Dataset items
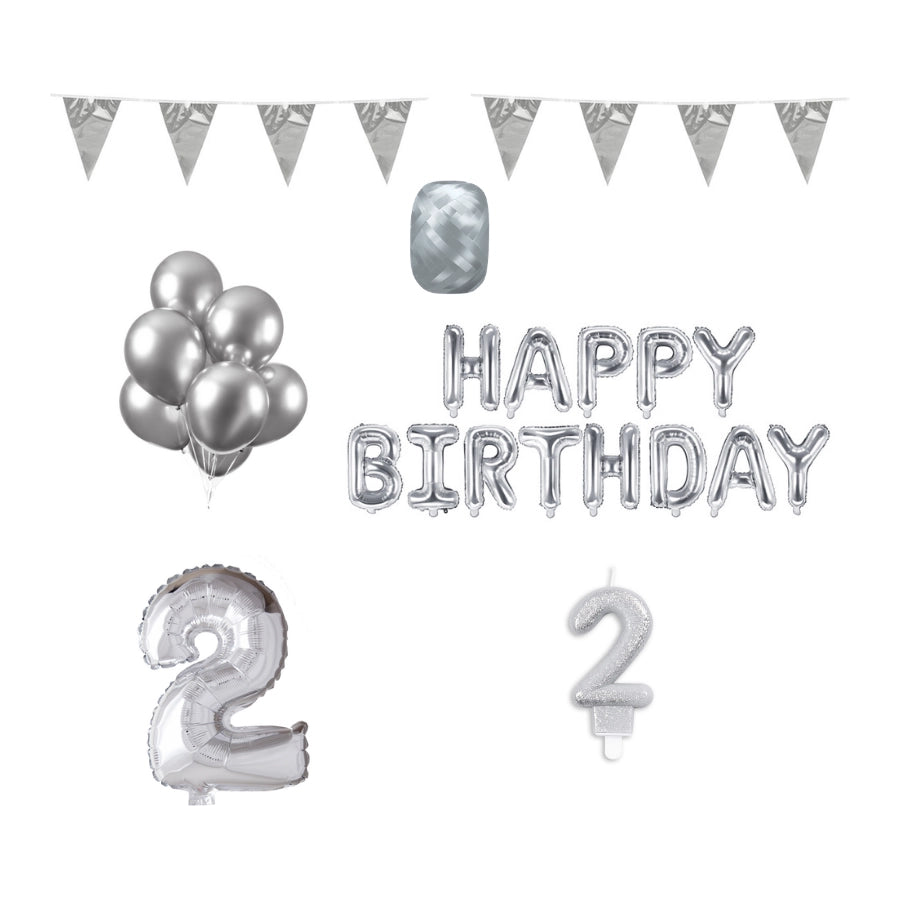 2 jaar Verjaardag Versiering Pakket zilver
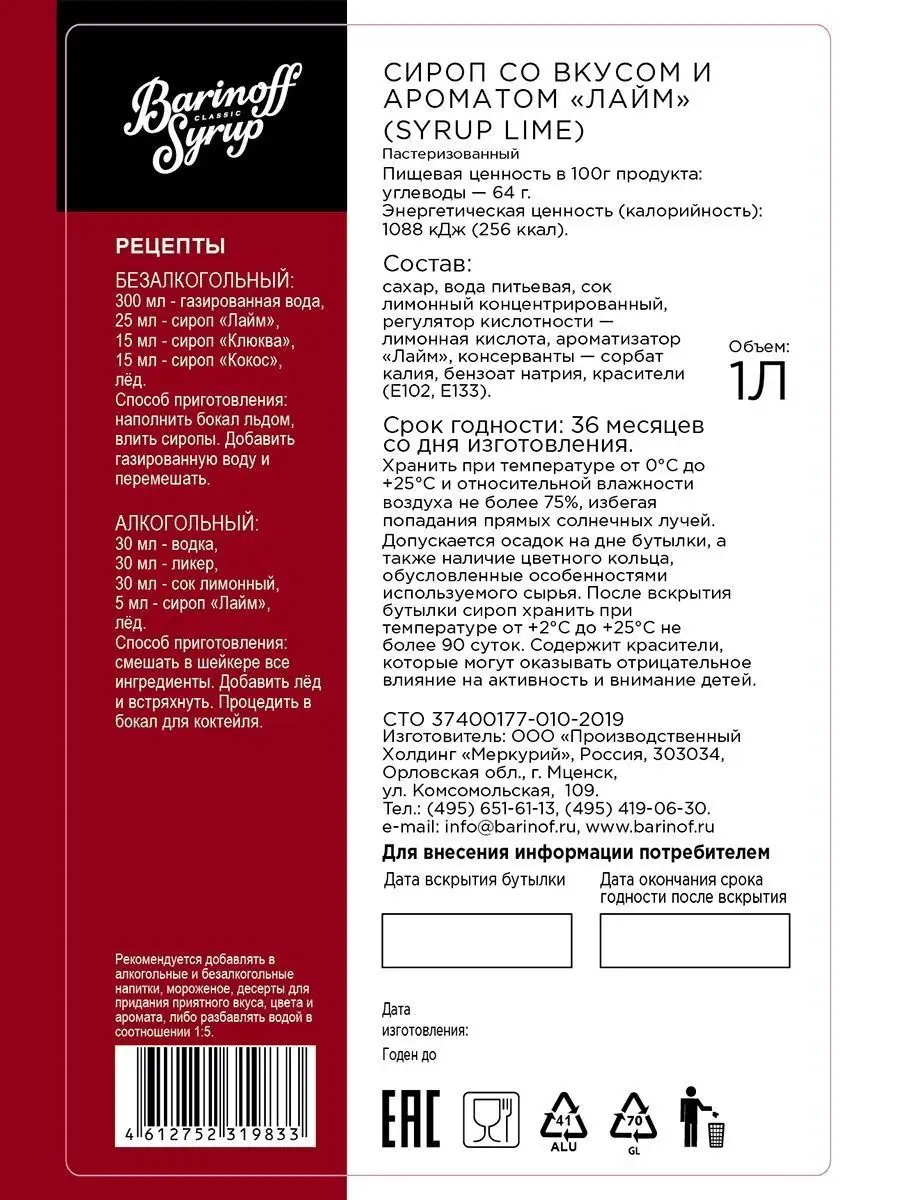 Сироп БАРinoff «Лайм», 1 л интересное:
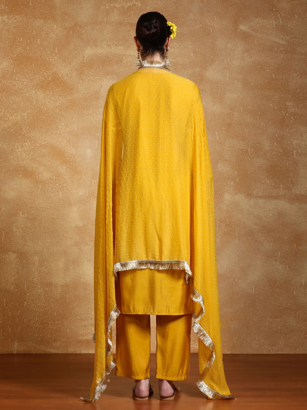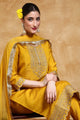 Dhiyona VA Women'sFloral Yoke Design Round Neck Straight Kurta With Trousers & Dupatta
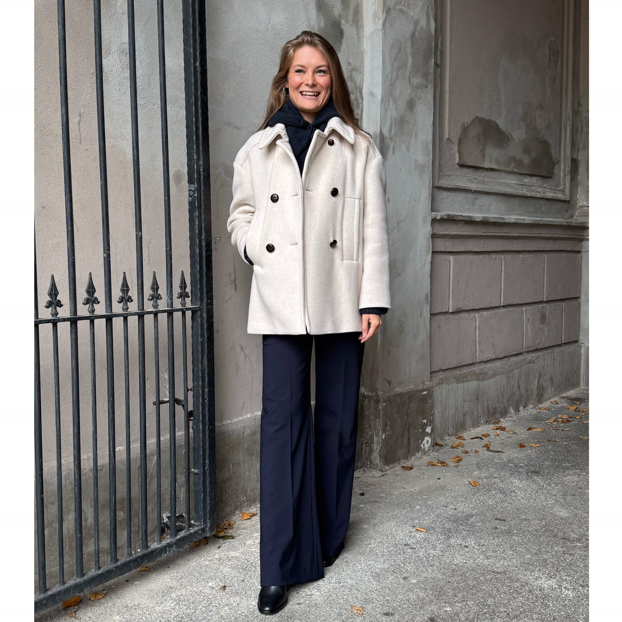 En stilren frakke i en ensfarvet uldblanding, perfekt til både hverdag og mere formelle lejligheder. Frakken har en klassisk skjortekrave og markante skulderstykker, der giver et elegant og struktureret udtryk. Den dobbeltradede front lukkes med knapper og fuldendes af lange ærmer og skrårpede forlommer med raglansnit, der tilfører et moderne twist.
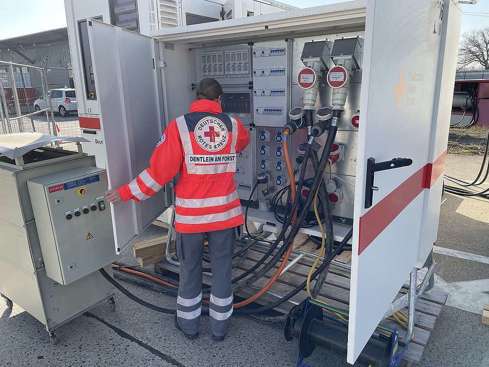 Neben dem Zeltbau ist gerade die Infrastruktur Wasser/Abwasser und Strom ein wichtiger Bestandteil in dieser Zeltstadt. Die völlig autarke Stromversorgung wird von zwei 300 kVA Ersatzstromerzeugern sichergestellt. Die die Stromversorgung wurde redundant aufgebaut und könnte mit wenigen Handgriffen auf das Ersatzgerät umgeschaltet werden. Angeschlossen hieran sind zwei Großverteilerkästen, die sich bereits im Hochwassereinsatz 2021 bewährt haben, vier Baustromverteiler und sechzehn Kleinverteilkästen. Somit ist die Grundversorgung der Zeltstadt gesichert. Insgesamt wurden ca. 1.400 Meter Starkstromleitungen, über 600 Meter Verlängerungen und 400 Meter Erdungsdraht verlegt. Zu einer ordnungsgemäßen Anlage gehört auch das Messen der Verteilungen und Leitungen mit speziellen Messgeräten, das Protokolieren und Plan erstellen, wie bei einer Hausinstallation auch.
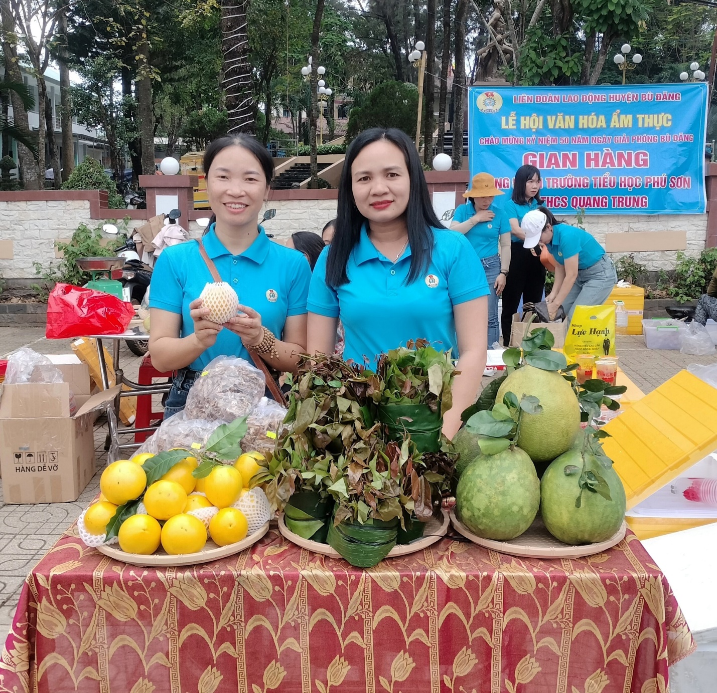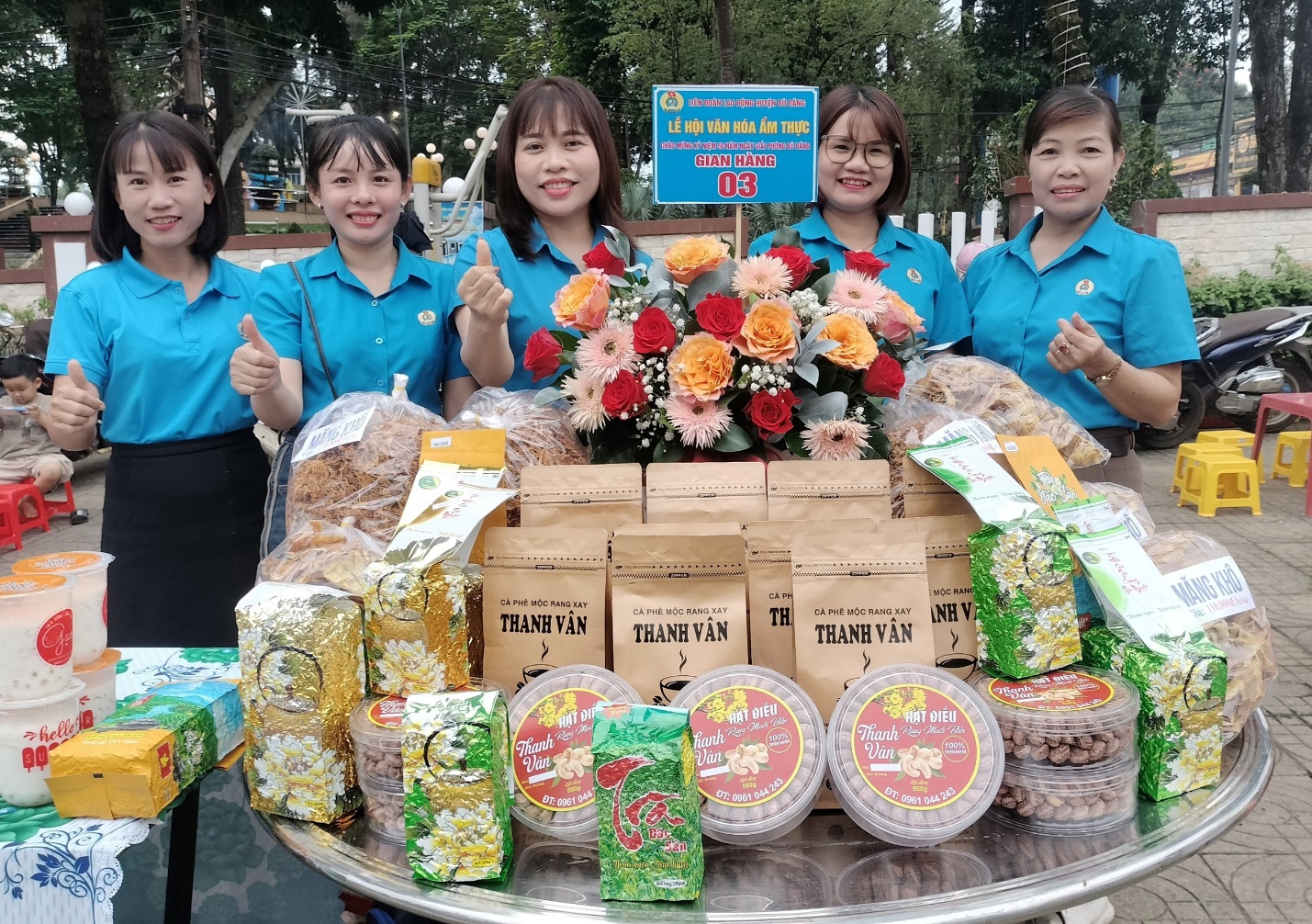 Lễ hội có 45 gian hàng đến từ các công đoàn cơ sở trực thuộc Liên đoàn lao động huyện. Các gian hàng đã mang đến lễ hội những món ăn ẩm thực đặc trưng của địa phương như cơm lam, thịt nướng, lá nhíp, đọt mây và nhiều món ăn mang đậm bản sắc vùng miền như: Mỳ Quảng; Bún bò Huế; bún riêu; bánh canh; bánh bò; gỏi cuốn cùng đa dạng các loại nước giải khát phục vụ du khách

Task instructions » Each record above is to be written out exactly; the pictures are not.

The answer »
 2 jaar Verjaardag Versiering Pakket zilver
 Сироп БАРinoff «Лайм», 1 л интересное:
 Dhiyona VA Women'sFloral Yoke Design Round Neck Straight Kurta With Trousers & Dupatta
 En stilren frakke i en ensfarvet uldblanding, perfekt til både hverdag og mere formelle lejligheder. Frakken har en klassisk skjortekrave og markante skulderstykker, der giver et elegant og struktureret udtryk. Den dobbeltradede front lukkes med knapper og fuldendes af lange ærmer og skrårpede forlommer med raglansnit, der tilfører et moderne twist.
 Neben dem Zeltbau ist gerade die Infrastruktur Wasser/Abwasser und Strom ein wichtiger Bestandteil in dieser Zeltstadt. Die völlig autarke Stromversorgung wird von zwei 300 kVA Ersatzstromerzeugern sichergestellt. Die die Stromversorgung wurde redundant aufgebaut und könnte mit wenigen Handgriffen auf das Ersatzgerät umgeschaltet werden. Angeschlossen hieran sind zwei Großverteilerkästen, die sich bereits im Hochwassereinsatz 2021 bewährt haben, vier Baustromverteiler und sechzehn Kleinverteilkästen. Somit ist die Grundversorgung der Zeltstadt gesichert. Insgesamt wurden ca. 1.400 Meter Starkstromleitungen, über 600 Meter Verlängerungen und 400 Meter Erdungsdraht verlegt. Zu einer ordnungsgemäßen Anlage gehört auch das Messen der Verteilungen und Leitungen mit speziellen Messgeräten, das Protokolieren und Plan erstellen, wie bei einer Hausinstallation auch.
 Lễ hội có 45 gian hàng đến từ các công đoàn cơ sở trực thuộc Liên đoàn lao động huyện. Các gian hàng đã mang đến lễ hội những món ăn ẩm thực đặc trưng của địa phương như cơm lam, thịt nướng, lá nhíp, đọt mây và nhiều món ăn mang đậm bản sắc vùng miền như: Mỳ Quảng; Bún bò Huế; bún riêu; bánh canh; bánh bò; gỏi cuốn cùng đa dạng các loại nước giải khát phục vụ du khách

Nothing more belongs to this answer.